Exercise objective: Will you output the entries below exactly, skipping every image they contain?

___ Data supplied ___

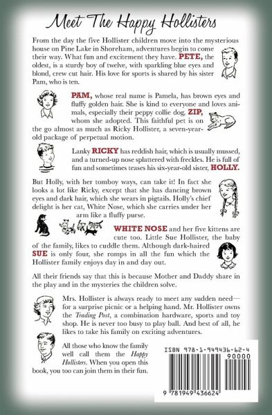 The Happy Hollisters by Jerry West was actually written by Andrew E. Svenson, a prolific yet somewhat anonymous, writer of books for children. Jerry West was the pen name Svenson used when he started writing The Happy Hollisters for the Stratemeyer Syndicate. The Stratemeyer Syndicate was a book packager, well-known for its development of children's book series including Tom Swift, The Bobbsey Twins, The Hardy Boys, and Nancy Drew. Many of these series were intended to have long publishing lives, and were written by multiple authors using the same pseudonym. The Happy Hollisters, however, were all written by Andrew Svenson, whose identity as Jerry West was kept secret until several years after his death in 1975. Andrew Svenson was born in Belleville, NJ, in 1910, and his interest in writing started early. He was editor of his high school newspaper and yearbook at Barringer High School in Newark, and then went on to study Creative Writing at the University of Pittsburgh. After his graduation in 1932, he worked as a reporter and editor for the Newark Star Eagle and the Newark Evening News. He also taught creative writing courses at Rutgers University and Upsala College. Andrew Svenson was encouraged by his friend Howard Garis (author of Uncle Wiggily) to try his hand at juvenile fiction. He joined the Stratemeyer Syndicate as a writer in 1948, where he contributed to established series as Franklin W. Dixon (The Hardy Boys) and as Laura Lee Hope (The Bobbsey Twins). The first volume in his own original series, The Happy Hollisters, was published in 1953 by Doubleday & Company, and he was made a partner in the Stratemeyer Syndicate in 1961. As he wrote and developed 33 titles in The Happy Hollisters, he was also creating additional series for children under other pen names: Bret King by Dan Scott and The Tollivers by Alan Stone, one of the first series written about and for African-American children. Under various pseudonyms, Andrew Svenson wrote more than 80 adventure and mystery novels for children, which were published in 17 languages and sold millions of copies. The Hollister family was modeled on his own family and he often used actual Svenson family events and travels as the foundation for The Happy Hollisters books. He also kept copious newspaper clippings for story ideas, and interviewed hundreds of school children and teachers for additional suggestions. These ideas were then worked into his storylines, adding an educational element that was appreciated by parents and educators alike. The children loved the stories for their elements of danger and excitement geared to their comprehension level. After his death in 1975, the Stratemeyer Syndicate assigned all rights to The Happy Hollisters to his widow, Marian Svenson; they subsequently became the property of The Hollister Family Properties Trust. The current publication was initiated by Andrew E. Svenson III, grandson of the author, on behalf of The Hollister Family Properties Trust.
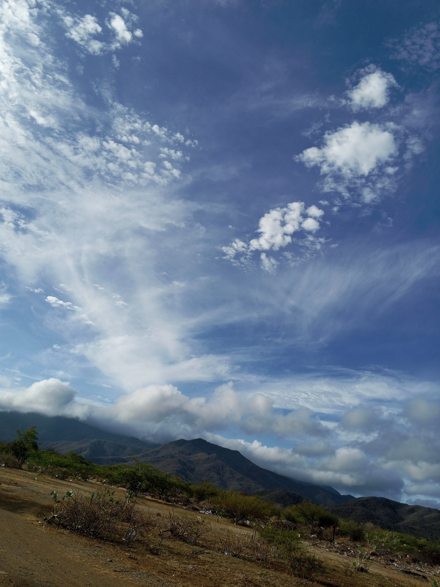 The image depicts a landscape in Altagracia, Venezuela. A mountain range is partially obscured by low-hanging clouds. The foreground shows a dirt or gravel slope with sparse vegetation. The sky is blue with a mix of cirrus and cumulus clouds. There are no people visible in the image. | Open Wire
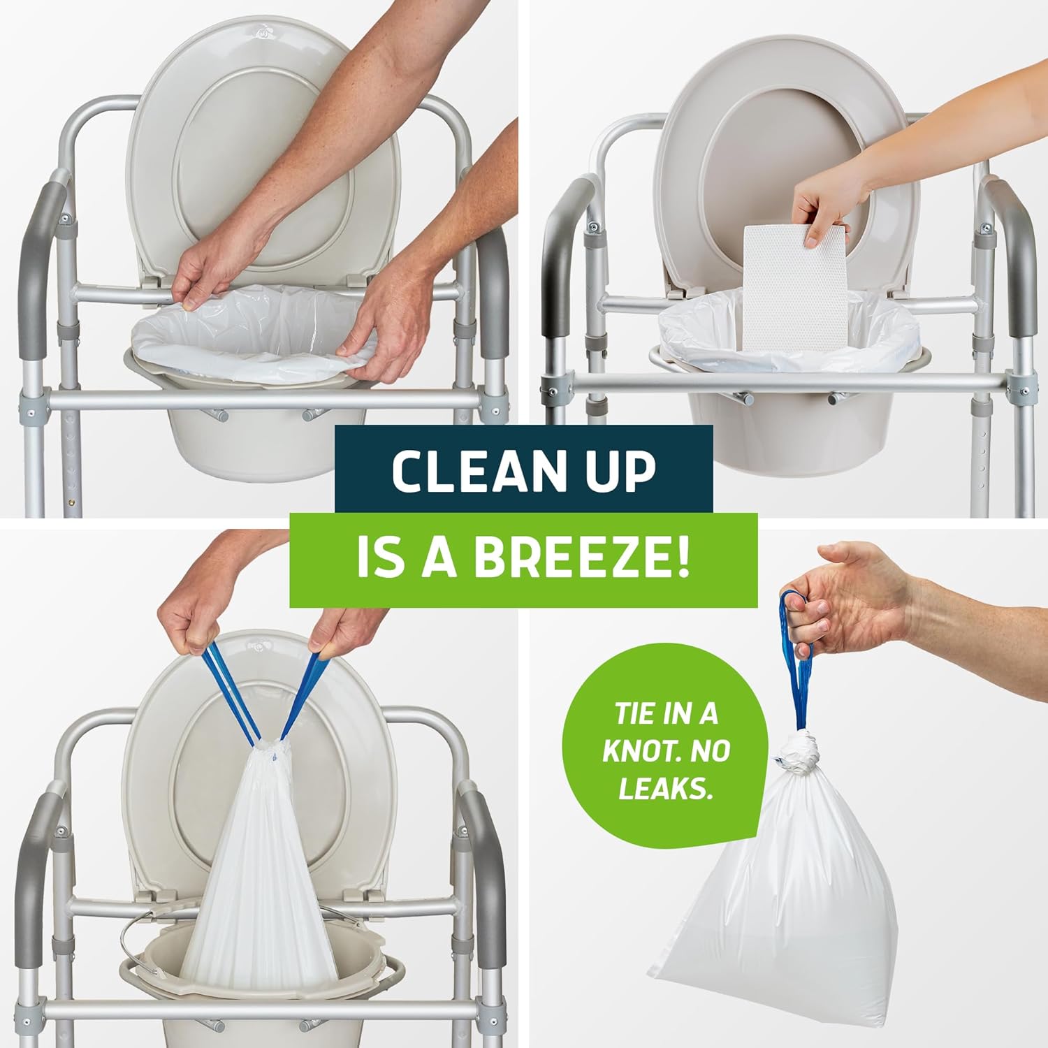 - Easy To Use And Easy To Dispose Of: Simply remove the commode liner with the aloe scented super absorbent pad by pulling on the strings, tie up the bag opening to eliminate odors, and easily dispose of them. They just make clean up a breeze.
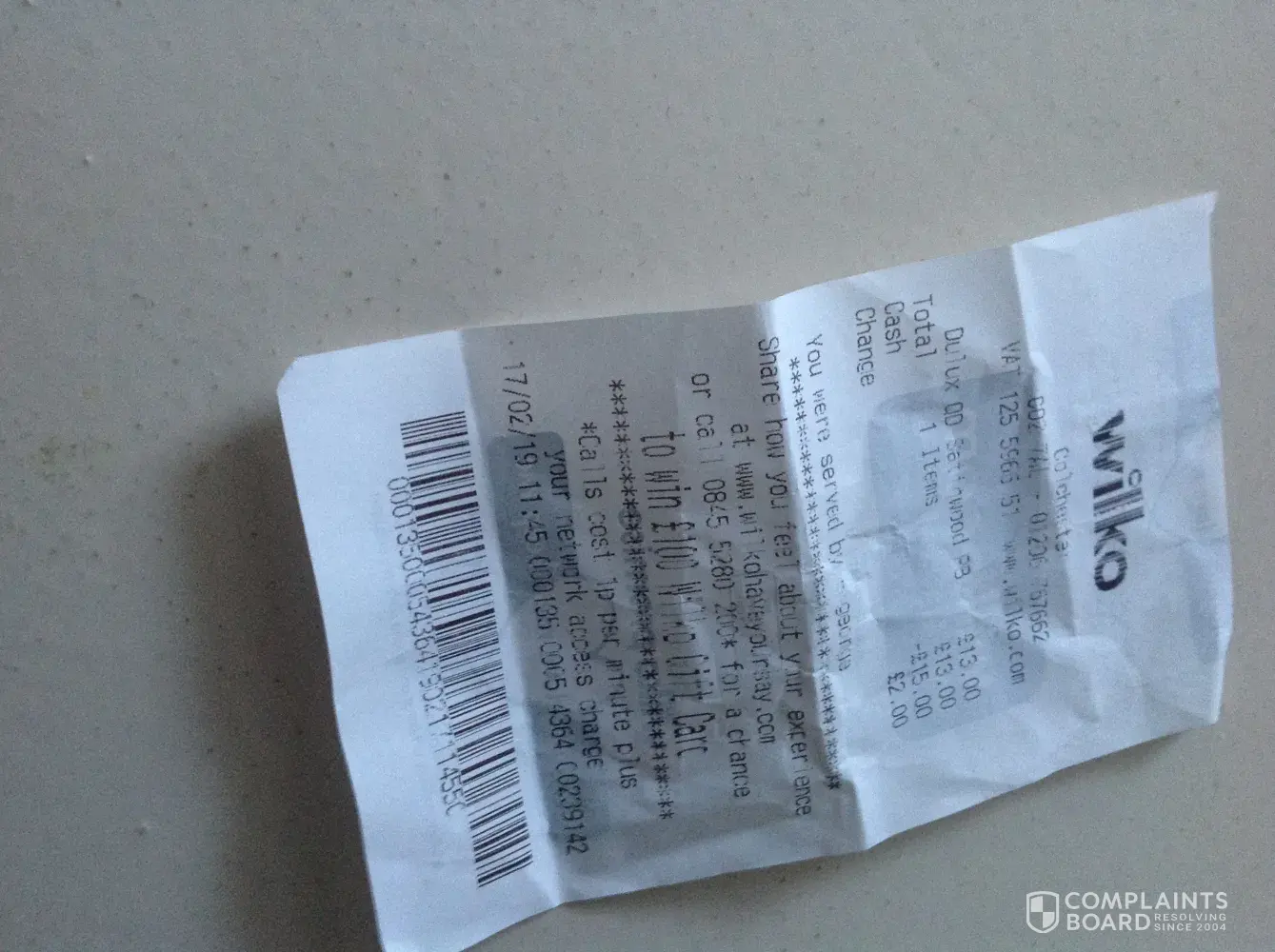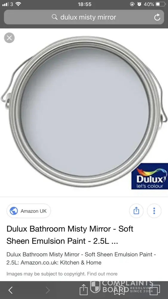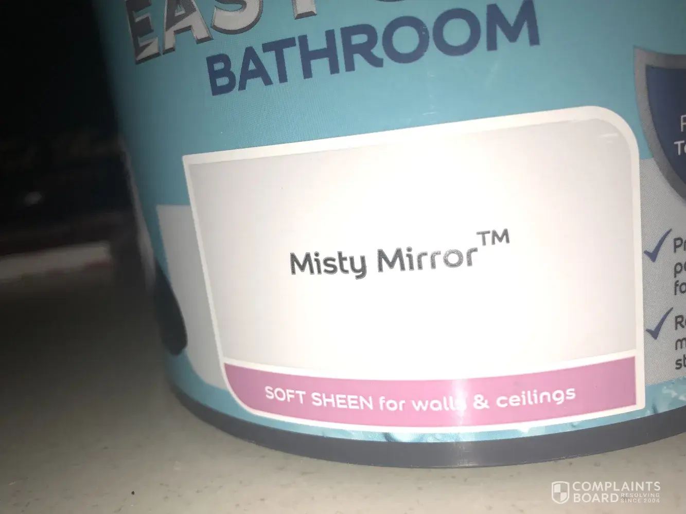I purchase the above paint from b&q last week, I yesterday opened and painted my bathroom with it and am rather unhappy with the result. On opening the tin it was not the colour advertised and is lilac. As you can see by the pictures attached this is not a true reflection of the colour advertised and I have had to purchase a new colour and start painting again.
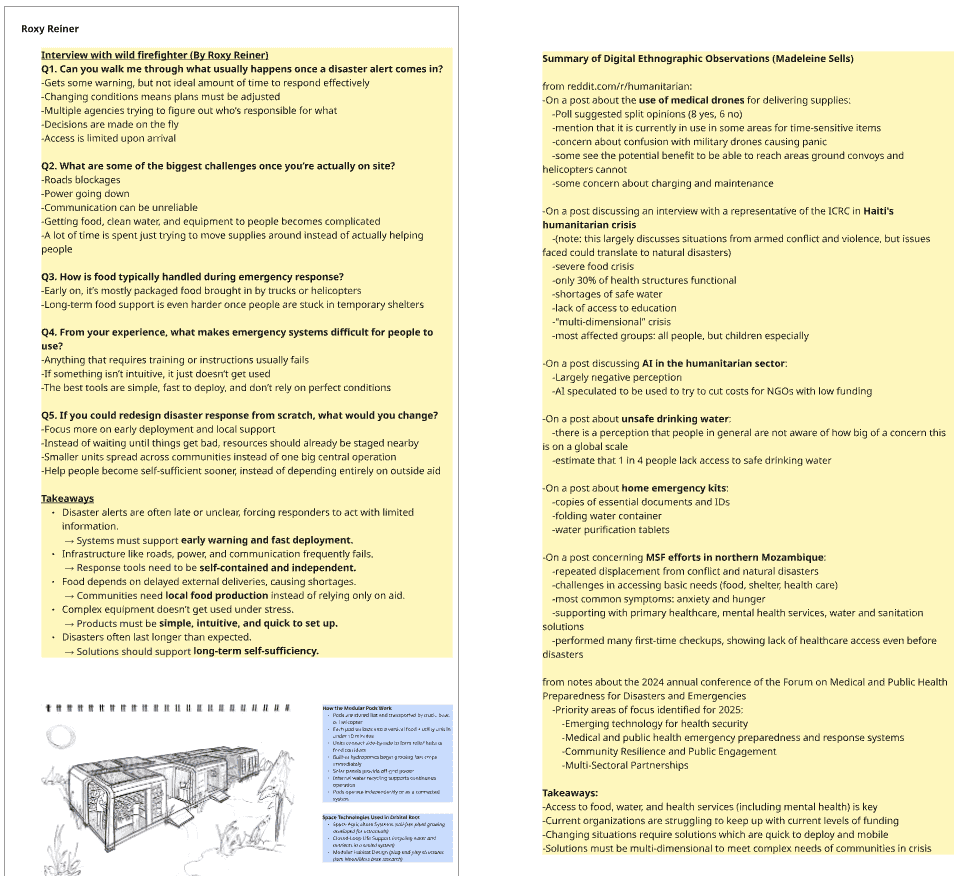 we also conducted an interview with a firefighter that works in remote locations to find out what problems they experience on the ground, and a digital ethnography to patient needs in natural disaster response in haiti and mozambique.

___

Result for this exercise:
 The Happy Hollisters by Jerry West was actually written by Andrew E. Svenson, a prolific yet somewhat anonymous, writer of books for children. Jerry West was the pen name Svenson used when he started writing The Happy Hollisters for the Stratemeyer Syndicate. The Stratemeyer Syndicate was a book packager, well-known for its development of children's book series including Tom Swift, The Bobbsey Twins, The Hardy Boys, and Nancy Drew. Many of these series were intended to have long publishing lives, and were written by multiple authors using the same pseudonym. The Happy Hollisters, however, were all written by Andrew Svenson, whose identity as Jerry West was kept secret until several years after his death in 1975. Andrew Svenson was born in Belleville, NJ, in 1910, and his interest in writing started early. He was editor of his high school newspaper and yearbook at Barringer High School in Newark, and then went on to study Creative Writing at the University of Pittsburgh. After his graduation in 1932, he worked as a reporter and editor for the Newark Star Eagle and the Newark Evening News. He also taught creative writing courses at Rutgers University and Upsala College. Andrew Svenson was encouraged by his friend Howard Garis (author of Uncle Wiggily) to try his hand at juvenile fiction. He joined the Stratemeyer Syndicate as a writer in 1948, where he contributed to established series as Franklin W. Dixon (The Hardy Boys) and as Laura Lee Hope (The Bobbsey Twins). The first volume in his own original series, The Happy Hollisters, was published in 1953 by Doubleday & Company, and he was made a partner in the Stratemeyer Syndicate in 1961. As he wrote and developed 33 titles in The Happy Hollisters, he was also creating additional series for children under other pen names: Bret King by Dan Scott and The Tollivers by Alan Stone, one of the first series written about and for African-American children. Under various pseudonyms, Andrew Svenson wrote more than 80 adventure and mystery novels for children, which were published in 17 languages and sold millions of copies. The Hollister family was modeled on his own family and he often used actual Svenson family events and travels as the foundation for The Happy Hollisters books. He also kept copious newspaper clippings for story ideas, and interviewed hundreds of school children and teachers for additional suggestions. These ideas were then worked into his storylines, adding an educational element that was appreciated by parents and educators alike. The children loved the stories for their elements of danger and excitement geared to their comprehension level. After his death in 1975, the Stratemeyer Syndicate assigned all rights to The Happy Hollisters to his widow, Marian Svenson; they subsequently became the property of The Hollister Family Properties Trust. The current publication was initiated by Andrew E. Svenson III, grandson of the author, on behalf of The Hollister Family Properties Trust.
 The image depicts a landscape in Altagracia, Venezuela. A mountain range is partially obscured by low-hanging clouds. The foreground shows a dirt or gravel slope with sparse vegetation. The sky is blue with a mix of cirrus and cumulus clouds. There are no people visible in the image. | Open Wire
 - Easy To Use And Easy To Dispose Of: Simply remove the commode liner with the aloe scented super absorbent pad by pulling on the strings, tie up the bag opening to eliminate odors, and easily dispose of them. They just make clean up a breeze.
I purchase the above paint from b&q last week, I yesterday opened and painted my bathroom with it and am rather unhappy with the result. On opening the tin it was not the colour advertised and is lilac. As you can see by the pictures attached this is not a true reflection of the colour advertised and I have had to purchase a new colour and start painting again.
 we also conducted an interview with a firefighter that works in remote locations to find out what problems they experience on the ground, and a digital ethnography to patient needs in natural disaster response in haiti and mozambique.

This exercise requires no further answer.